2. Section 9 of the General Clauses Act does not directly apply to this section, in which the words 'from' and 'to' do not occur. Nevertheless we think it was intended that the computation should be done as it is usually done in appeals under other acts, seeing that no other method is prescribed, that is, that 90 days should be reckoned from the date of the order appealed against. We must therefore apply the general principle contained in Section 9 under which the day on which the act appealed against is done is to be excluded.
3. Further under Section 10 of the General Clauses Act, the 22nd April which was a dies non must be excluded, and it is unnecessary to resort to Section 4 of the Limitation Act for this purpose.
4. It was also argued that the application to the District Court itself was barred by limitation under the 21 days rule in Section 22 of the Provincial Insolvency Act. But we observe that the application to the District Court was not an appeal against any order passed by the Official Receiver but was one to the court to take action under Section 26, Clause (2).

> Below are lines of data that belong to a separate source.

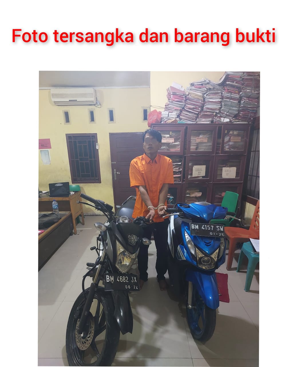 TAMBANG- EN (26) warga Desa Kualu, Kecamatan Tambang, Kabupaten Kampar tak berkutik saat ditangkap Polsek Tambang, pasalnya ia terbukti melakukan pencurian sepeda motor milik mahasiswa di Desa Tarai Bangun, Kecamatan Tambang, Selasa (16/7/2024).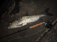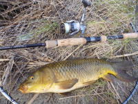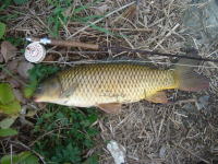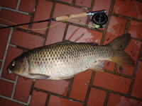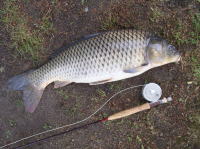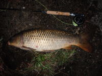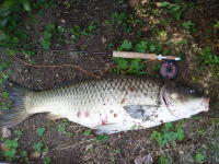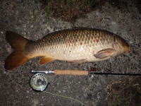 会社の帰り、久しぶりにフライロッドを持ってコイ狙いに行ってきました。 産卵後のコイで少しスキニーな体型でしたが、その分よくファイトしました。 |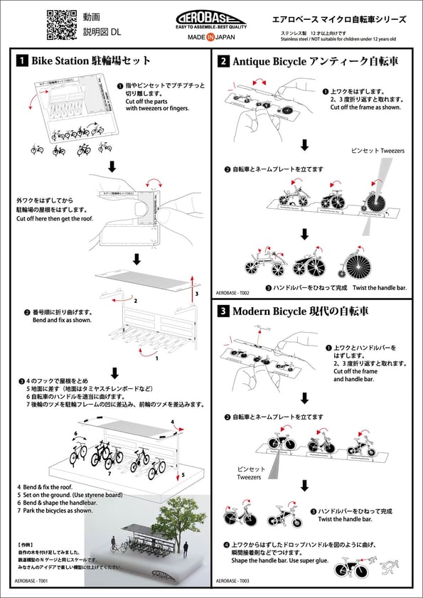駐輪場と自転車10台セット。人物2体付き。駐輪場は骨組と屋根のたった2個のパーツの組み合わせ。接着剤は使いません。実物の1/150スケールで鉄道模型のNゲージサイズですから、レイアウト(ジオラマ)に使用できます。駅前や施設に駐輪場を置いてみましょう。全長1.2cmほどの自転車は5種入り。実物の駐輪場を計測して設計しました。小径自転車ガープは私の友人、宿野輪天堂の岡田氏より図面提供を受けました。「そっくりです」って。

5. On the merits we are of opinion that there was sufficient cause for the petitioner's vakil failing to attend on the date of hearing, if the facts stated in his affidavit which have not been controverted, are true. The petitioner could not be expected to proceed with his application, which involved certain complicated matters of law, and fact, unaided, and he might have been reasonably given some time to engage a fresh vakil. We think that when the facts became known on the petitioner's application to the District Court to restore his petition to file, the District Judge should have allowed his application on such terms as to costs, etc., as he thought proper.
6. We set aside the judge's orders of January 22nd dismissing the appellant's petition and direct the judge to take it again on his file and dispose of it according to law.
7. The appellant will bear his own costs and the respondents' costs in the District Court up to date. Costs in this Court will abide and follow the result.